Besides an estimate based on the whole ERA 40 period, Figure 4 also contains estimates of H100 for three different 10-year periods. The estimates obtained from these periods differ in the Northern Hemisphere storm tracks. Specifically, the estimates in the North Pacific storm track region have increased, and in the North Atlantic the pattern has changed. These differences can be attributed to decadal variability in the Northern Hemisphere, especially to changes in the phase of the NAO8). This example shows that it is important to take account of climate changes when designing maritime structures. A more detailed investigation reveals that in the North Atlantic changes in estimates of H100 are due to changes in the intensity of storms, while in the Southern Hemisphere they are mainly due to changes in the number of storms. In the North Pacific both factors contribute.
The ERA 40 reanalysis carried out at ECMWF produced 45 years (September 1957 - August 2002) of data describing the state of the atmosphere and the ocean surface four times a day.

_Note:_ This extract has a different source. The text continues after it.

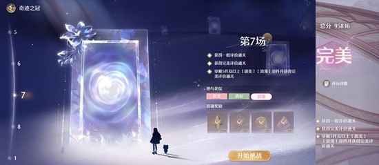 3、第七关三星要求5件及以上【甜美】【浪漫】,个人实测最低完美线95836。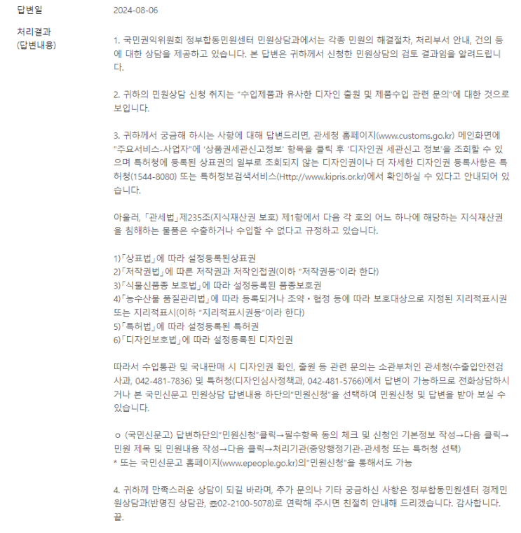 오늘 규조토발매트 디자인권이 없으면 관세청에서 통관이 안될수도 있다고. 그래서 작년에 디자인권 우선 ...

A thorough assessment of the ERA 40 wave height data revealed that they (a) capture very well the variability of the true wave heights on all time scales, (b) slightly overestimate low wave heights, and (c) severely underestimate high wave heights. Furthermore, inhomogeneities due to the assimilation of different data sources are clearly present. A non-parametric correction method was devised that eliminates most of these problems.
Despite the underestimation of high wave heights it is possible to give reliable estimates of extreme significant wave heights (‘100-year-return values’). Estimates based on the raw ERA 40 wave data and those from buoy measurements reveal a linear relationship that can be exploited to obtain global reliable return value estimates based on the ERA 40 data. Maps of the ERA 40 data and derived quantities can be found in the web-based KNMI/ERA 40 Wave Atlas.
We are indebted to many persons for their help and pleasant collaborations. Jean-Raymond Bidlot and Peter Janssen provided valuable suggestions and comments and helped with advice. Sakari Uppala and Per Kållberg as leaders of the ERA 40 production team where always open to our comments and provided valuable help in dealing with the technical aspects of the ERA-40 system. Helen Snaith helped with the altimeter data. The buoy data were obtained from NDBC-NOAA. This work was funded by EU as part of the ERA-40 project (no. EVK2-CT-1999-00027).